"Может быть, я Вас не понял..."
Шрифт:
Я Вас крепко целую и, как всегда, желаю Вам счастья.
Ваш И. Д.
10/IV—51 г.
Дорогой Исаак Осипович!
Продолжаю письмо после большого перерыва, который объясню Вам позже.
Как странно, что последнее письмо от Вас написано в тот же день, когда начинала свое письмо и я!
Не могу Вам передать, как я возмущена поступками тех людишек, которые стремятся причинить Вам зло. Но они мне очень напоминают ту крыловскую моську, которая лаяла на слона. И, главное, с тем же успехом. (...)
Мне не пришлось прочесть этой грязной статейки, так как наш завод не выписывает этой газеты. А жаль: я написала бы в газету, что я думаю о таких людях и о тех, кто пропускает подобные статьи.

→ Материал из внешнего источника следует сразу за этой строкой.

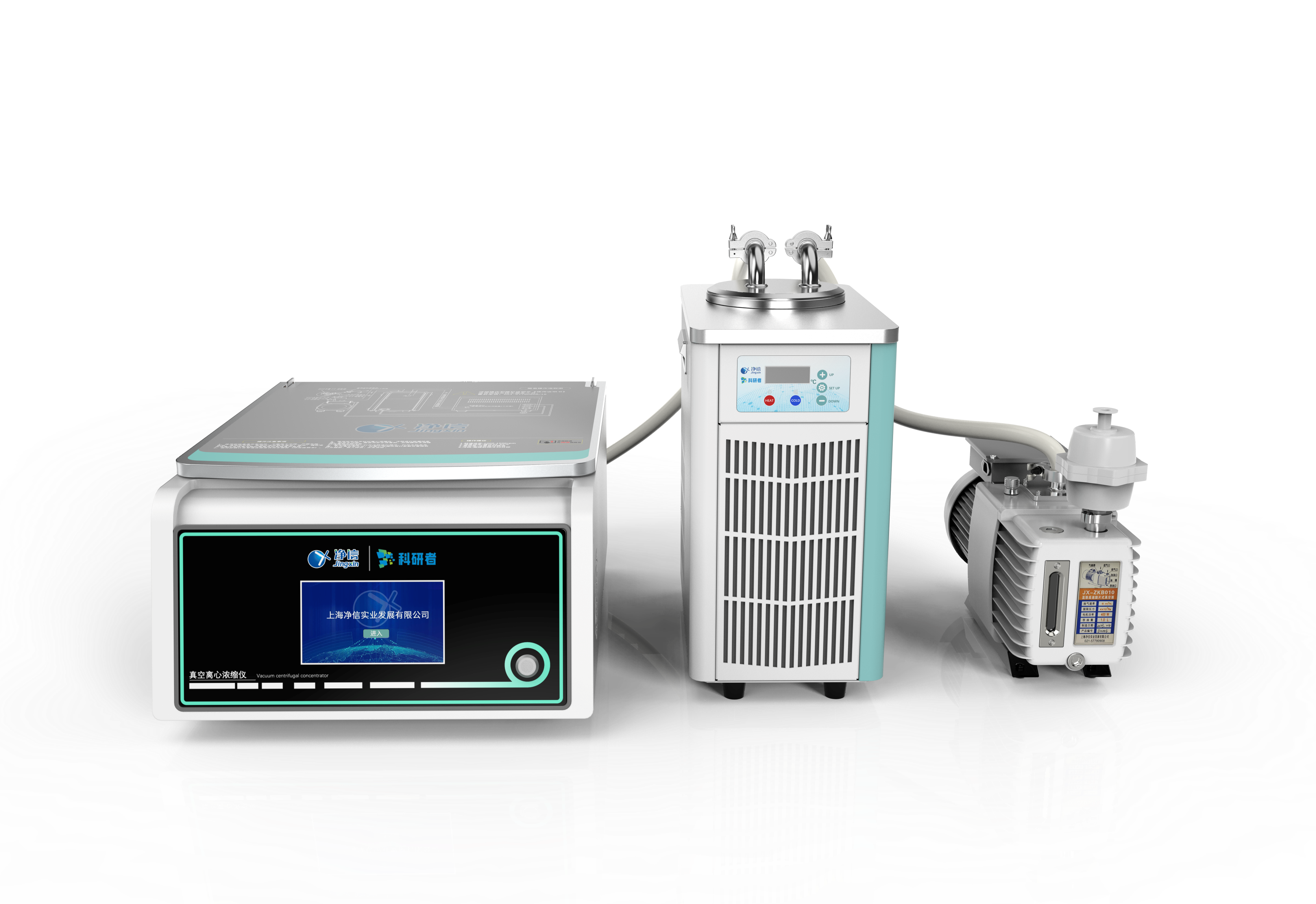 工作原理:通过抽真空将腔体内气压降低的方式来降低溶剂沸点,当压力降低时,溶液沸点随之降低,因此当压力降到一定程度时,溶液便开始沸腾;同时持续对样品进行离心,使溶液一直被收集在离心管底部,避免了溶液爆沸导致样品污染及损耗;溶剂蒸气在经过低温冷阱时液化,被冷阱捕获,可对保护真空泵进行保护,延长其使用寿命。此外样品始终处于一种低温和真空的环境,可以防止热敏感样品的失活和样品氧化。
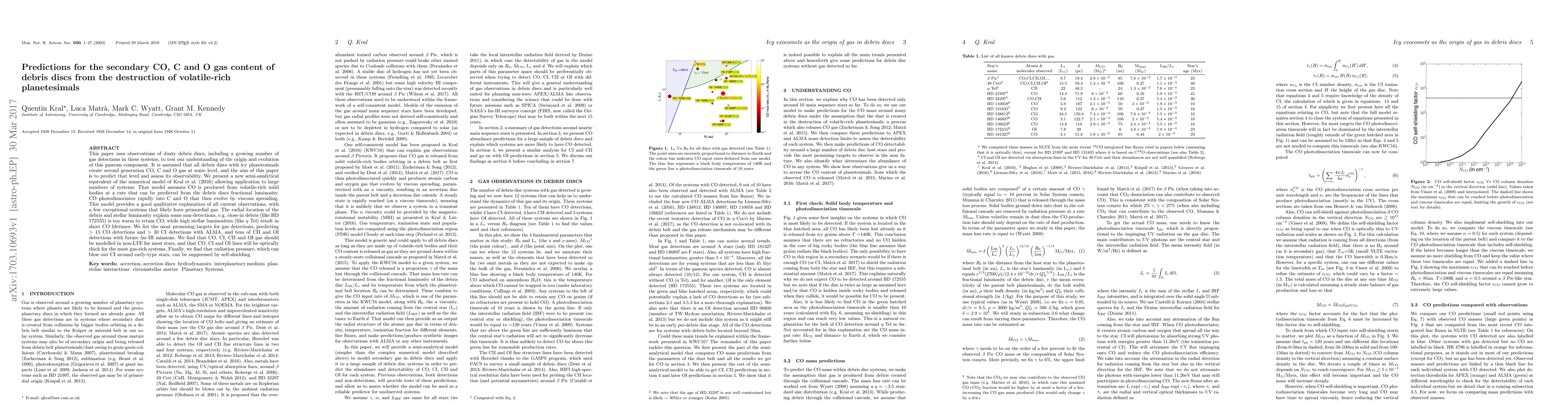 This paper predicts secondary CO, C, and O gas content in debris discs from the destruction of volatile-rich planetesimals, using a semi-analytical model. It identifies promising targets for gas detections, predicting numerous CO and CI detections with ALMA and future far-IR missions.
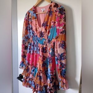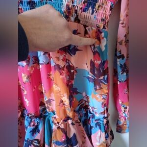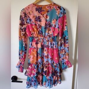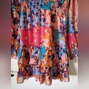 This vibrant floral dress features a stunning mix of pink, blue, and orange hues in a patchwork pattern. Perfect for any occasion, it offers a flattering fit and tiered ruffles on the bottom, a v-neck, elastic at the waist, and ruffles at the ends of the sleeves. Sleeves are sheer, bodice and skirt are lined. Small run on the front near the side, but thanks to the busy pattern on the dress it's not really visible unless you're specifically looking for it. See the last two pictures to see it. Other than that small flaw, it's in very good gently used condition from a non-smoking home. A super cute dress!
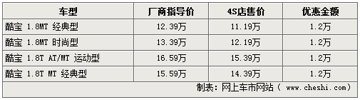 据4S店销售人员介绍,此次酷宝系列车型涉及系列内各款车型,1.8L手动时尚型及1.8T自动版运动型车型的现车各店最高可给出12000元的现金优惠。而1.8T系列车型部分颜色需要订购,优惠幅度同样可达到1.2万元;操控效果极佳的手动挡1.8L车型现车充足,享受优惠的同时还可由经销商处添置价值近千元的车身装饰,但不能折换现金。

А Вам не надо так переживать это происшествие — новое присуждение Вам Сталинской премии (в который раз?) говорит достаточно
Не подумайте, что это пристрастное мнение, нет, я просто считаю, что у меня неплохой вкус. Я радуюсь Вашим успехам и горжусь ими, Вами и нашей необычной дружбой. Эта дружба делает меня лучше, так как я не могу обмануть Ваше доверие. Я даже не могу решить, кто прекраснее: Дунаевский-музыкант или Дунаевский-человек. Вернее — оба. Не улыбайтесь, это не ослепление, которое помешало бы мне увидеть некоторые Ваши слабости. Но мне до сих пор удивительно то, что Судьба свела наши дороги вместе и что Вы стали так близки и дороги мне. Понимаете ли Вы это, чувствуете ли всю глубину этого? Мне не хочется бросаться словами, но мне кажется, что я могла бы пожертвовать для Вас жизнью. И если бы больше существовало на земле таких отношений — мир во многом бы выиграл.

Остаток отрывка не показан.